Comparison of Several Simplistic High-Level Approaches for Estimating the Global Energy and Electricity Use of ICT Networks and Data Centers (Pages: 50-63)

Anders S. G. Andrae

Huawei Technologies Sweden AB, Skalholtsgatan 9, 16494 Kista, Sweden

DOI: https://doi.org/10.30634/2414-2077.2019.05.06

 

 

 


Abstract:
Currently the global energy and electricity use of ICT networks and data centers are estimated and predicted by several different top-down approaches. It has not been investigated which prediction approach best answers to the 5G, Artificial Intelligence and Internet of Things megatrends which are expected to emerge until 2030 and beyond. The analysis of the potential correlation between storage volume, communication volume and computations (instructions, operations, bits) is also lacking. The present research shows that several different activity metrics (AM) – e.g. data traffic, subscribers, capita, operations – have and can be been used. First the global baseline electricity evolution (TWh) for 2010, 2015 and 2020 for networks of fixed, mobile and data centers is set based on literature. Then the respective AM – e.g. data traffic – associated with each network are identified. Then the following are proposed: Compound Aggregated Growth Rate (CAGR) for each AM, CAGR for TWh/AM and the resulting TWh values for 2025 and 2030. The results show that AMs based on data traffic are best suited for predicting future TWh usage of networks. Data traffic is a more robust (scientific) AM to be used for prediction than subscribers as the latter is a more variable and less definable concept. Nevertheless, subscriber based AM are more uncertain than data traffic AM as the subscriber is neither a well-defined unit, nor related to the network equipment which handle the data. Despite large non-chaotic uncertainties, data traffic is a better AM than subscribers for expressing the energy evolution of ICT Networks and Data Centers. Top-down/high-level models based on data traffic are sensitive to the amount of traffic however also to the development of future electricity intensity. For the first time the primary energy use of computing, resulting from total global instructions and energy per instruction, is estimated.

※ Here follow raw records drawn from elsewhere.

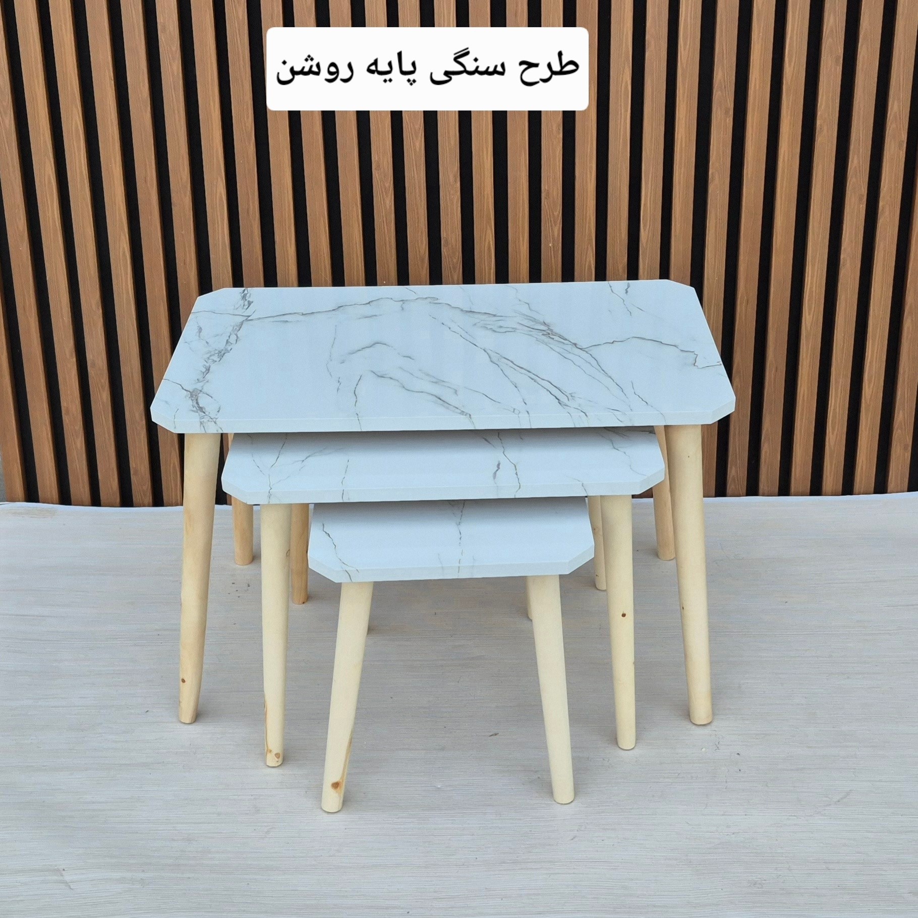 میز عسلی مستطیل 3 تیکه طرح سنگی مبلمونسرا مدل 218925
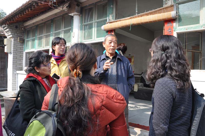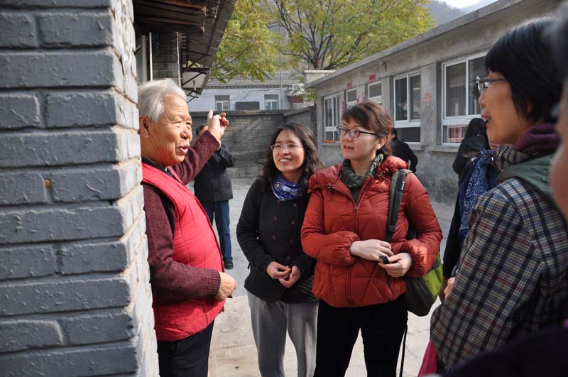 听完介绍之后,外文学院一行人告别了李镇长,在张科长带领下,来到了西马各庄村和东马各庄村,走街串巷,走访农家。正如李镇长所说的那样,街道里十分干净,见不到任何乱扔的塑料袋或纸屑,家家户户门口整洁,院内摆放整齐,垃圾桶内的垃圾都在一早被收走了。老师们与村民攀谈起来,热情的大爷、大妈毫无保留地介绍着他们的家庭以及垃圾的分类。走在路上,张科长指着一条水道告诉我们,2012年“7.21”爆发山洪的时候,水道里布满了水,但是水里没有任何的白色垃圾漂浮,王平镇的垃圾分类经受了考验。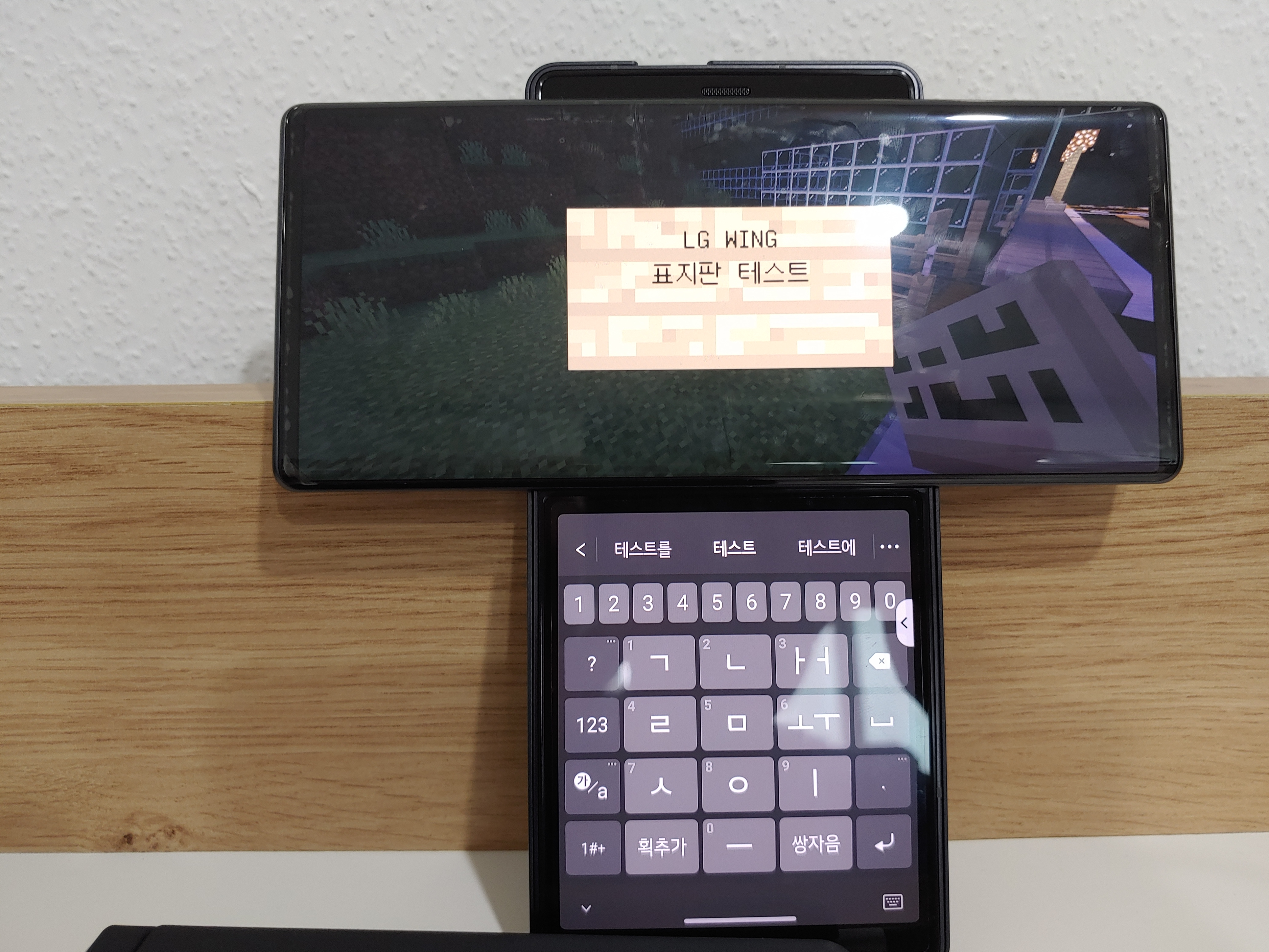 그리고 메인 스크린을 터치해야 '완료'되는 몇몇 게임, 앱들에서 생각보다 편하지 않음을 토로하시는 분들도 종종 계신데, 그렇다고는 해도 세컨드 스크린에서 사용하는 키보드의 크키가 세로모드에서 사용하는 그것과 거의 비슷한 관계로 일반 바형 스마트폰보다는 빠른 속도로, 오타율을 낮춘 상태로 사용할 수 있었습니다. 팝업 키보드와는 조금 다른 것이, 물리적으로도 작다보니 손을 무리하게 뻗을 필요가 없더군요. 같은 이유로 키보드를 자주 사용해야 하는 오피스 앱(한컴오피스, MS 오피스, 폴라리스 오피스, WPS 오피스 등)에서도 가로모드에서 문서를 좀 더 크게 보면서 키보드에 방해받지 않고 문서 작성이 가능하여 LG가 이런 앱들과 제휴하여 각종 메뉴를 세컨드 스크린에 띄우는 방식으로 활용성을 높이면 어땠을까 싶은 생각도 순간 들었습니다.

Combining all networks and data centers and using one AM for all does not reflect the evolution improvement of individual network types. Very simplistic high-level estimation models tend to both overestimate and underestimate the TWh. However, looking at networks and data centers as one big entity better reflects the future converging paradigm of telecom, ICT and computing.

The next step is to make the prediction models more sophisticated by using equipment standards instead of top-down metrics. The links between individual equipment roadmaps (e.g. W/(bits per second)) and sector-level roadmaps need further study.

Keywords: ICT, data centers, data traffic, model, communication networks, electricity, prediction, primary energy, subscribers.